Before we do forecast modeling, we need to check what seasonality that our data is.

After convert our data hourly, we can check whether there is any transactions in every hour.

From the generated table, we can see that there are no transaction at 9 PM to 5 AM. Thus, we can takeout the zero transaction hours to create a better model.

3.1 Single Time Series

First step, let’s try with single time series and check whether all seasonalities can be explained / comprehended in this time series.

3.2 Decomposing

We find:

  • Since graphic in trend column haven’t been created smoothly, find out that there is seasonality that haven’t been caught in retail_ts. That means our data are most likely having multiple seasonality.

3.3 Multiple Time Series

Since we conclude that our time series is multiple time series, let’s move to multiple time series to see its seasonality.

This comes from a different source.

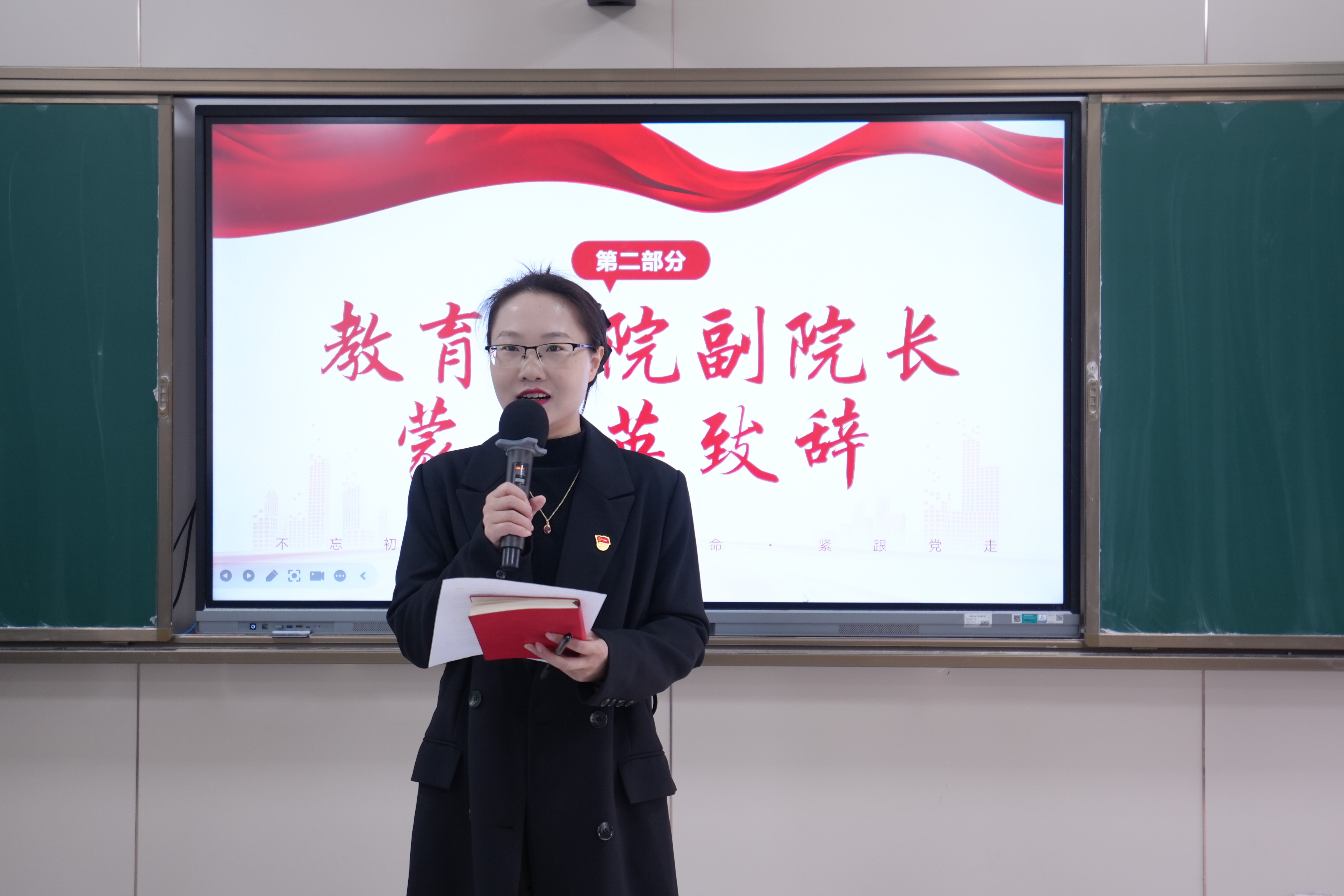 为深入学习贯彻习近平新时代中国特色社会主义思想,落实立德树人的根本任务,着力培养信仰坚定、能力突出、勇于担当的青年马克思主义者,12月14日,哲学学院与教育学院在东校区觉悟楼401教室联合举办2025-2026学年“第二期青年马克思主义者培养工程”活动。哲学学院党支部书记谢伟、教育学院副院长蒙剑英、教育学院团总支书记陈美霖、哲学学院谢佩玲老师出席仪式,哲学学院与教育学院团员及学生干部参加。本次开班仪式由哲学学院吴玥同学和教育学院丁朝旭同学共同主持

As we can see, the trend is created smoothly indicating that our data set has multiple seasonality.

4 Modeling

4.1 Data pre-processing & Simple Modeling

For K-Mean Clustering, we are going to build RFM (Recency, Frequency, Monetary) model first. So, what is RFM?

  • Recency is about when was the last order of a customer. It means the number of days since a customer made the last purchase. If it’s a case for a website or an app, this could be interpreted as the last visit day or the last login time.

  • Frequency is about the number of purchase in a given period. It could be 3 months, 6 months or 1 year. So we can understand this value as for how often or how many a customer used the product of a company. The bigger the value is, the more engaged the customers are. Could we say them as our VIP? Not necessary. Cause we also have to think about how much they actually paid for each purchase, which means monetary value.

  • Monetary is the total amount of money a customer spent in that given period. Therefore big spenders will be differentiated with other customers such as MVP or VIP.

The RFM values can be grouped in several ways:
1.Percentiles e.g. quantiles
2.Pareto 80/20 cut
3.Custom - based on business knowledge

On this project, we are going to group by percentiles

Process of calculating percentiles:
1. Sort customers based on that metric
2. Break customers into a pre-defined number of groups of equal size
3. Assign a label to each group

As for first step, let’s add column to see total amount of purchasing that have been done.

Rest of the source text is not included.